Reputation: 350
I have a great amount of intervals (around 5k to 10k). These elements have a start and end position; like (203, 405). The coordinates of the intervals are stored in a list.
I want to determine the coordinates and lengths of the overlapping parts between each pair of intervals. This can be done as follows:
# a small list for clarity, with length normally around 5000s
cList = ((20, 54), (25, 48), (67, 133), (90,152), (140,211), (190,230))
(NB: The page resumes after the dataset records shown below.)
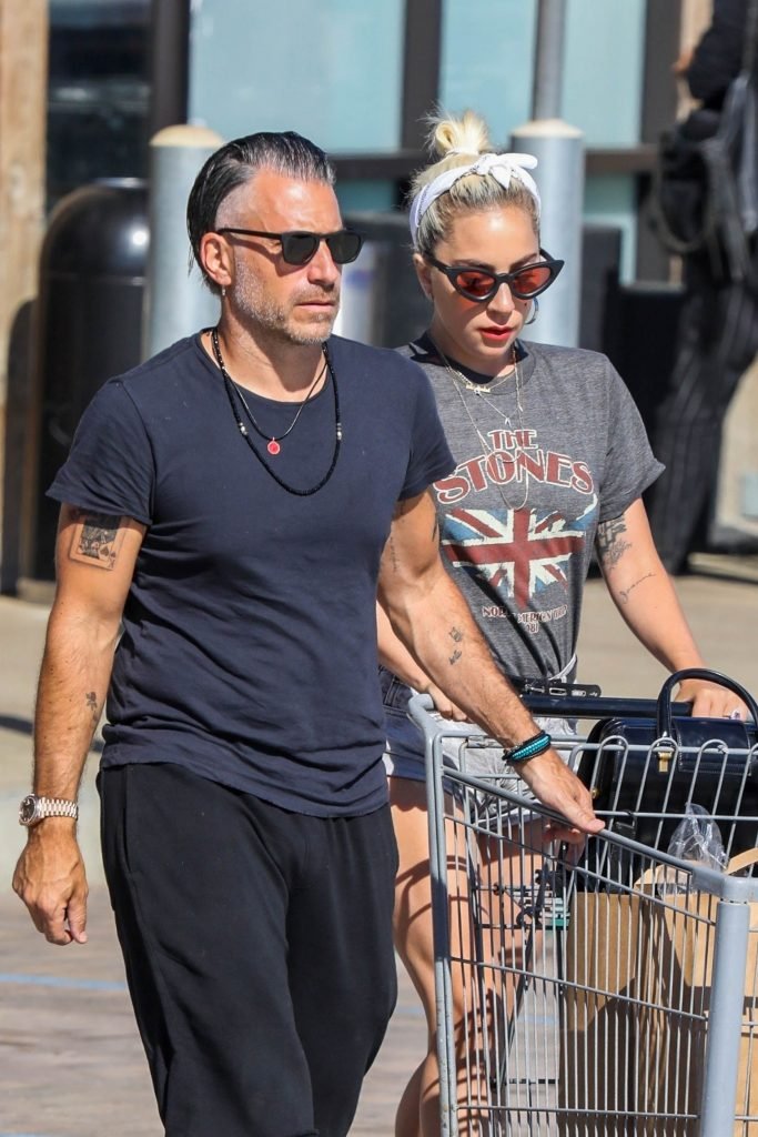 Lady Gaga lleva a su novio Christian con ella a hacer la compra en el soleado Malibu, 14/07/2018. La cantante pop de 32 años eligió usar tacones monstruosos y shorts para ir al supermercado.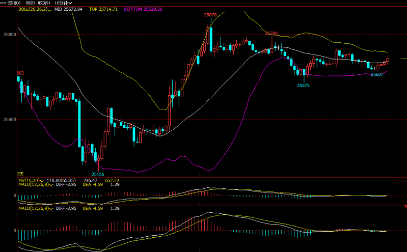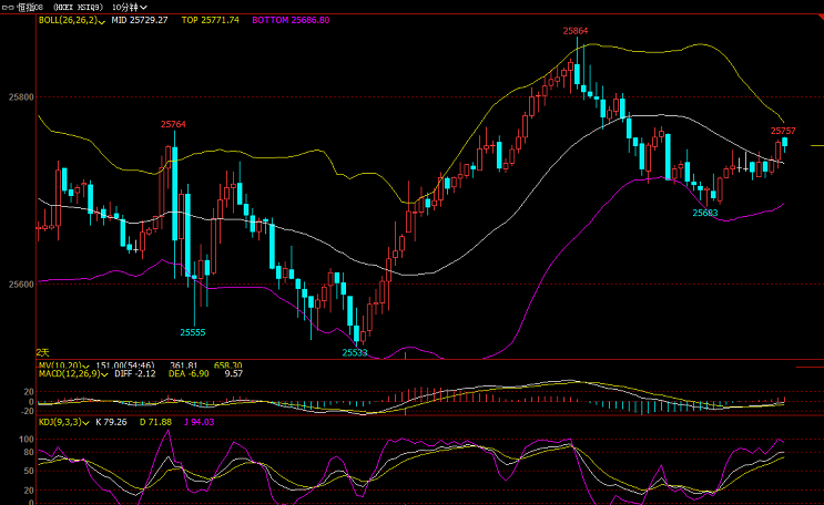 【恒指收盘】 8月27日消息,美股周一收高。国际贸易关系有所进展的消息提振了市场情绪。市场仍在关注本周美国GDP等数据,以进一步研判美国经济衰退的可能性。今日早盘,恒指高开高走,午后转跌。截至收盘,港股恒指跌0.19%,报25615.48点;国企指数跌0.15%,报9980.73点;红筹指数涨0.78%,报4158.78点。 【恒指交易】恒指,德指8.28盘中交易图 ①行情回顾: 恒指周三早盘高开低走后快速打低25730一线,开始急速反转走反弹,冲高均线承压位25760一线站稳后上破走反弹,一路快速冲高至25830一线。上证开盘行情两轮上破承压,收线黄昏之星高位收阴线开始震荡下行走一轮跌势,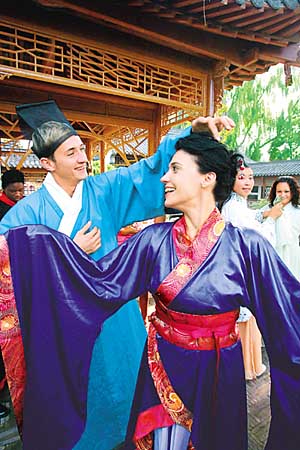[左圖] 來(lái)自烏克蘭的留學(xué)生阿里克斯(左)和丹尼婭(右)試穿中國(guó)漢服。
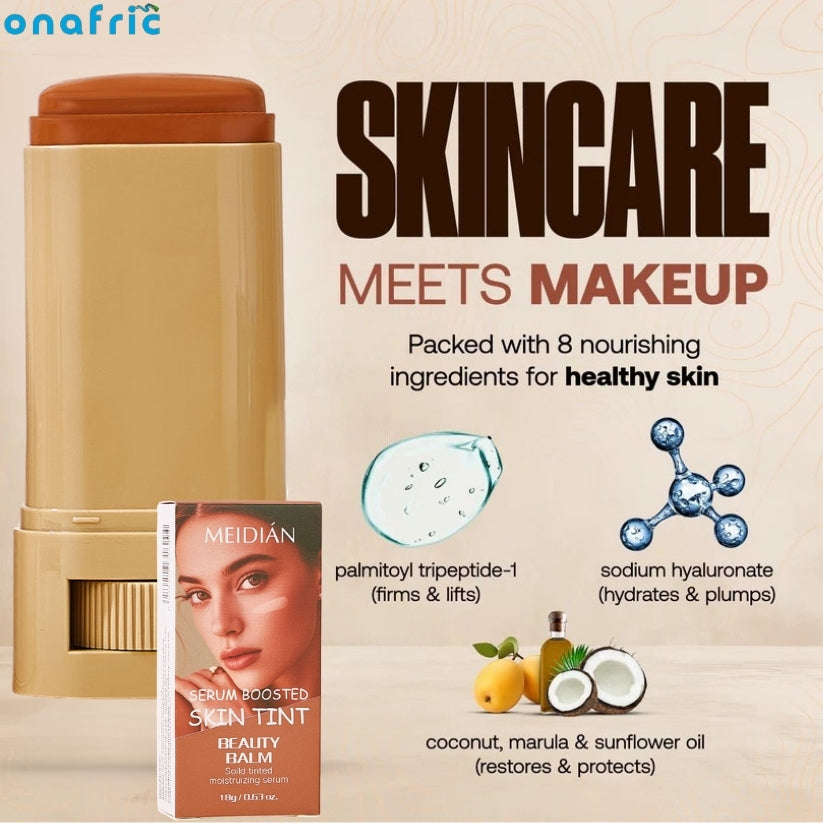 Un seul stick, trois fonctions : fond de teint, soin hydratant et retouche rapide.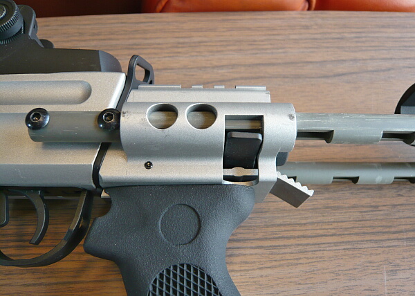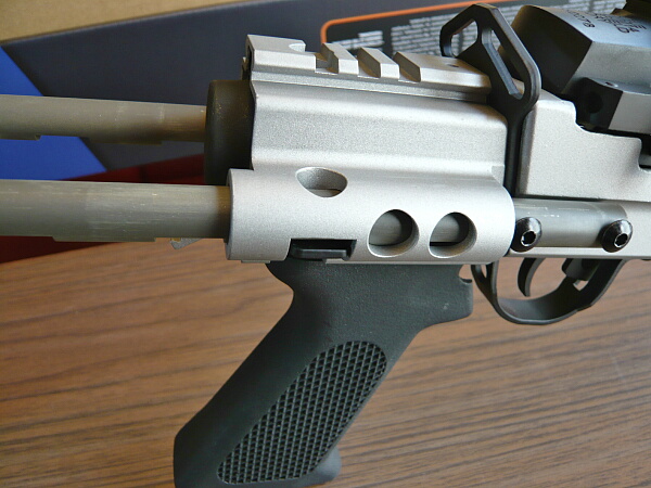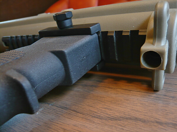 フロントサイトは黒い樹脂製で、後面がセレーションの入ったランプ状のもの。その後方には光学サイト取り付け用のレイルがあります。ただしこのレイルは専用のマウントが必要で、普通の20mmレイル用のマウントリングは取り付きませんでした。(横方向の溝が浅くてネジが通りません)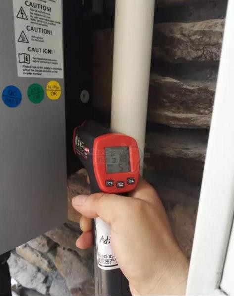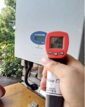 逆变器安装在北面屋檐下,由于没有太阳直射,输出功率为80%,逆变器表面温度为44.4度,比气温高5度左右,整体散热性能良好。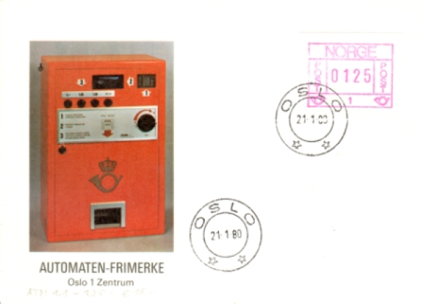 Umschlag / frankiert mit ATM 1 Norwegen - Wertstufe 0125 Tagesstempel: „Oslo / 21. 1. 80“ / Zudruck: Automaten Freimarke - Oslo 1 Zentrum sh. Abbildung nicht gelaufen / übliche Qualität Maße ca: 162 x 155 mm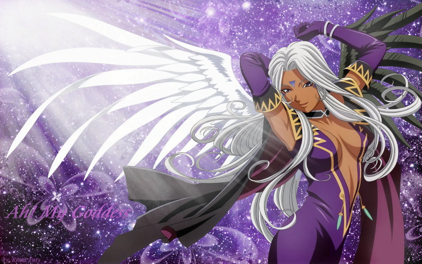 Description: A woman with white hair and wings in a purple dress with stars in the background and a purple sky.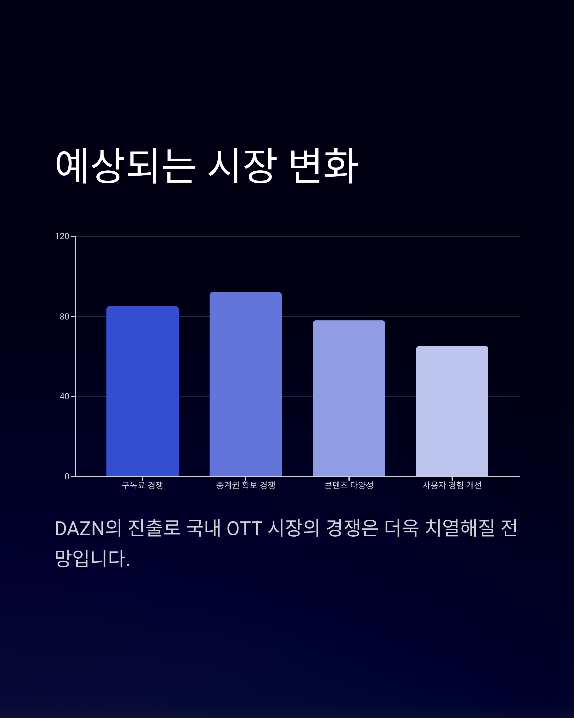 DAZN의 등장은 쿠팡플레이와 티빙 등 기존 국내 OTT 강자들에게 강력한 자극이 될 것으로 보입니다. 비교 포인트는 다음과 같아요: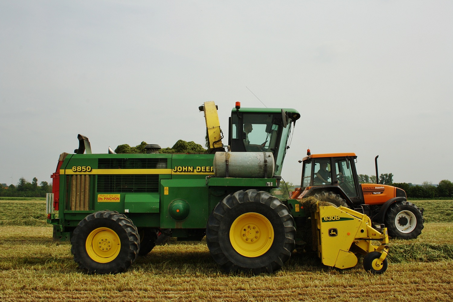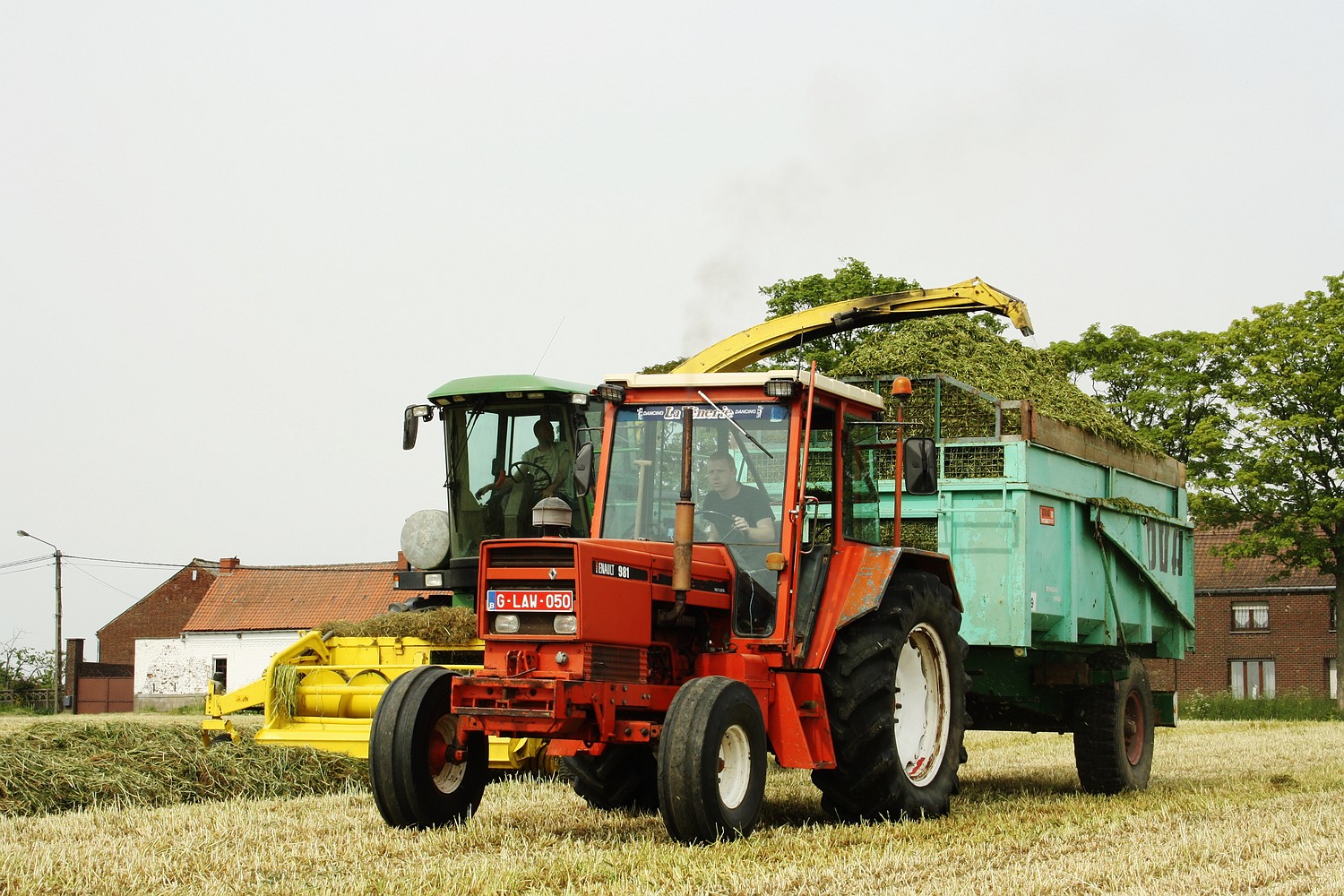 In Wallonie is het de gewoonte dat de landbouwer zelf met een kipper onder de hakselpijp rijd. Bij landbouwer Bruneau uit Pipaix is het loonwerker Mestdag uit Gaillaix die met een John Deere 6850 kwam hakselen, Bruneau leverder een Renault 981 met Ova kipper en Renault Temis 650Z met Brimont kipper. (Foto Maarten Martens)
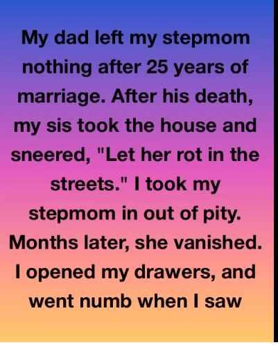 My dad left my stepmom nothing after 25 years of marriage. It was a shock that rippled through our family in Leeds like a sudden winter storm. We all knew Dad was a bit old-fashioned and stubborn, but nobody expected him to cut off the woman who had cared for him through three bouts of pneumonia and a hip replacement. When the lawyer read the will, the silence in the room was so thick you could have cut it with a knife.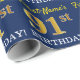 Este design de papel de embrulho apresenta uma mensagem como "First-Name’s 91rua BIRTHDAY!", com a "91ruas" a ter uma aparência falsa e imitada de cor dourada. O nome pode ser personalizado e o plano de fundo tem cor azul. Talvez possa ser utilizado quando se dá presentes para o nonagésimo primeiro aniversário de alguém. [~Z0000181]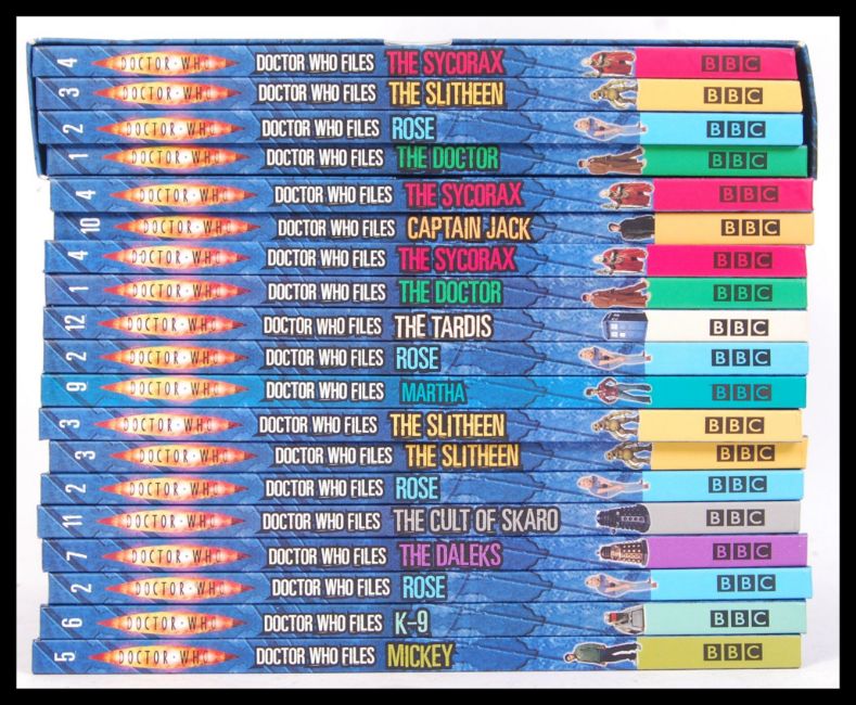 A collection of 19x BBC Doctor Who ' Doctor Who files ' for various characters to include; Martha Jones, Rose Tyler, The Sycorax, The Doctor, The Tardis, The Slitheen, The Daleks, K-9 & others. Some duplicates.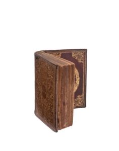[BIBLE]. • Psalmorvm Davidis paraphrasis poetica. Lutetiæ, Ex officina Roberti Stephani, M. D. LXXV [Paris, Robert Estienne, 1575]. •• […] Elegiarum Liber I. Sylvarvm Liber I. Endecasyllabon Lib. I. Parisiis, Ex officina Rob. Steph., Typographi, M. D. LXVII [Paris, Robert Estienne, 1567]. 2 ouvrages en un volume in-16 (75 x 121 mm), maroquin fauve, large décor doré à la fanfare ornant les plats, monogramme « t . i . m. » au centre du premier et « m . a . m. » au centre du second, dos lisse orné, doublure de maroquin brun ornée de fleurons d’angle et d’un médaillon portant l’inscription « Svbditvs // esto // Domino » au centre du premier et « et ora evm » au centre du second, tranches dorées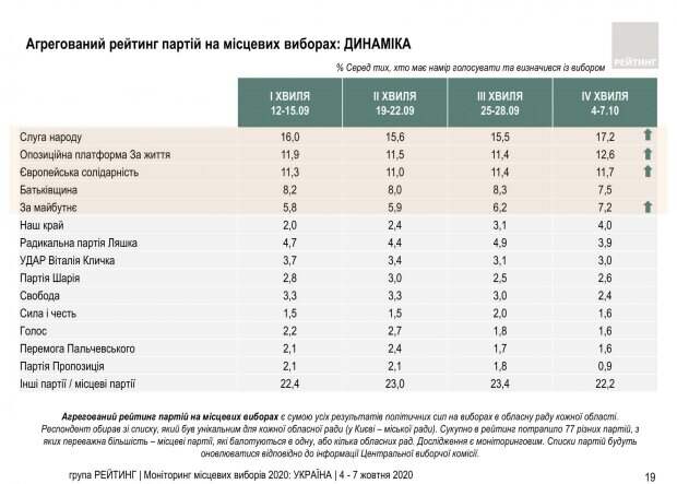 Практически все эти политсилы за последнюю неделю улучшили свой результат. По данным опроса партию "Слуга народа" поддерживают 17,2% тех, кто определился и намерен прийти на выборы, "Оппозиционная платформа - За життя" - 12,6%, "Европейская солидарность" - 11,7%, "Батькивщина" - 7,5%. Кроме того, партию "За майбутне" поддерживают 7,2% респондентов, "Наш край" - 4,0%. Радикальную партию Олега Ляшко - 3,9%, УДАР Виталия Кличко - 3,0%, партию Шария - 2,6%, ВО "Свобода" - 2,4%, партии "Голос", "Перемога Пальчевского", "Сила и честь" - по 1,6%, партию "Пропозиция" - около 1%. Суммарный рейтинг других партий (в основном местных), которые принимают участие в местных выборах и были включены в список для исследования, - 22,2%. Опрос проведен Социологической группой "Рейтинг" 4-7 октября 2020 года среди 5000 респондентов по всей Украине за исключением оккупированных Россией территорий. Метод исследования: личное формализованное интервью (face-to-face). Ошибка репрезентативности исследования: не более 1,4%. Отметим, по данным опроса Социологической группы "Рейтинг", проведенного 25-28 сентября, рейтинг партий перед местными выборами возглавляли четыре парламентские партии. Напомним, по данным опроса Социологической группы "Рейтинг", только 35% украинцев знают точную дату местных выборов в Украине. Еще 43% респондентов вообще не знают, когда состоятся выборы, 19% знают, что где-то в октябре, но даты не знают, а 3% назвали неправильные даты.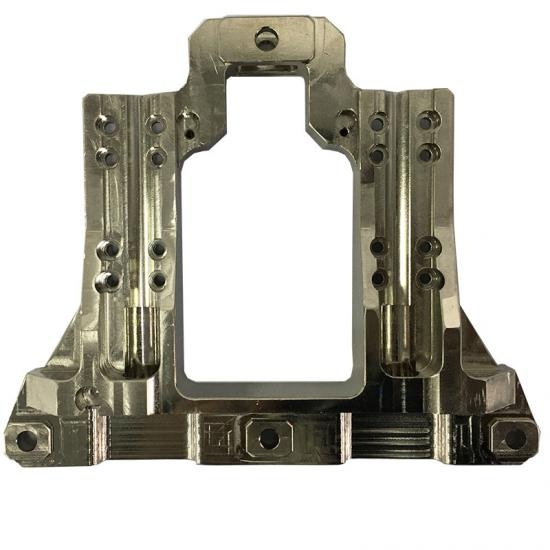 Prelucrează accesorii de turnare de nichel pentru mașini semiconductoare. Planeitatea și perpendicularitatea sa este de până la 0,01 și 0,015 mm și înclină toate găurile pentru părțile întregi acoperite cu nichel satinat și foarte strict la suprafață, fără defecte și debavurare.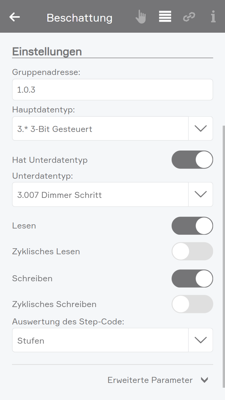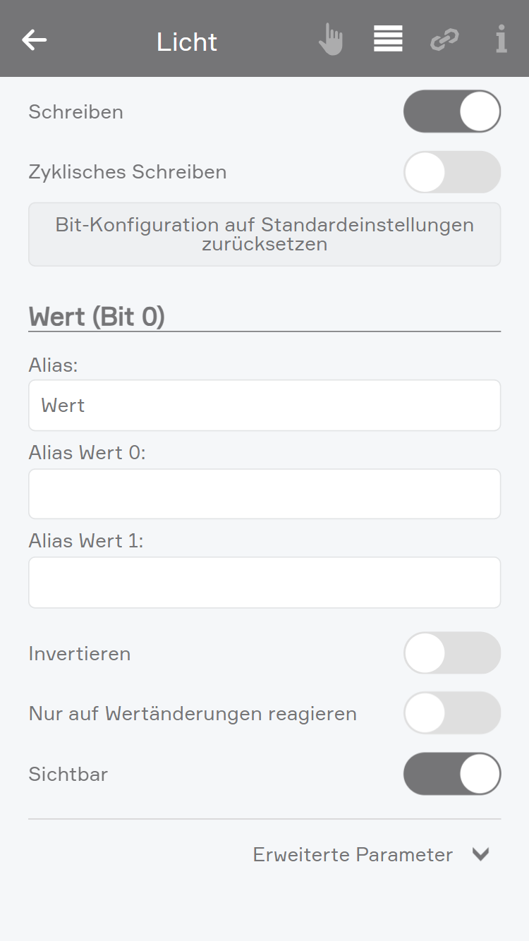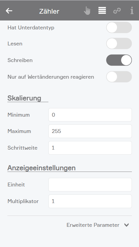 Wenn man im Parameter Panel auf Erweiterte Parameter klickt, werden die zuletzt erhaltenen oder empfangenen Telegramme des Datenpunkts angezeigt

for i, c1 in enumerate(cList[:-1]): # a linear pairwise combination
for c2 in cList[i + 1:]:
left = max(c1[0], c2[0])
right = min(c1[1], c2[1])
overlap = right - left
if overlap > 0:
print "left: %s, right: %s, length: %s" % (left, right, overlap)
Resulting in:
left: 25, right: 48, length: 23
left: 90, right: 133, length: 43
left: 140, right: 152, length: 12
left: 190, right: 211, length: 21
As can be seen, it works... since this can take quite some time (20 seconds) my question is, how would I optimize this? I tried to cut off the second for loop when the start position of the second loop exceeds the first end position:
if c1[1] < c2[0]:
break
This drastically decreases the procedure time, but the resulting number of overlaps is about three times less than before, and therefor the result is certainly not valid. This is caused by elements which are much greater in length than preceding elements.
I'm sure there is some mathematical trick to solve this issue
Upvotes: 5
Views: 649
Reputation: 23322
Generally, this kind of problem becomes much easier if you sort the intervals by starting point.
Firstly, let us define a function, in order to make things clearer:
def overlap(r1, r2):
left = max(r1[0], r2[0])
right = min(r1[1], r2[1])
over = right - left
return (left, right, over) if over>0 else None
The algorithm you described can then be written as:
for i, c1 in enumerate(cList[:-1]):
for c2 in cList[i + 1:]:
o = overlap(c1, c2)
if o is not None:
print("left: %s, right: %s, length: %s" % o)
If you sort the elements, you can "short-circuit" as soon as you find a non-overlapping segment, since you know those further in the list will be even further "away":
l = sorted(cList)
for i, c1 in enumerate(l[:-1]):
for c2 in l[i + 1:]:
o= overlap(c1, c2)
if o is None:
break
print("left: %s, right: %s, length: %s" % o)
Of course, if your input is already sorted (as it seems), you can skip that step.
Note that, in general, instead of using the double for
, you can use the much clearer itertools.combinations
. It guarantees the same kind of ordering. Unfortunately, it isn't suitable for the optimized version of the algorithm, but yours could be written as
from itertools import combinations
for c1, c2 in combinations(cList, 2):
o= overlap(c1, c2)
if o is not None:
print("left: %s, right: %s, length: %s" % o)
Finally, if you ever want to perform fast generic operations on intervals, you may also want to consider using a Interval Tree data structure. There's a Python implementation on PyPI.
Upvotes: 6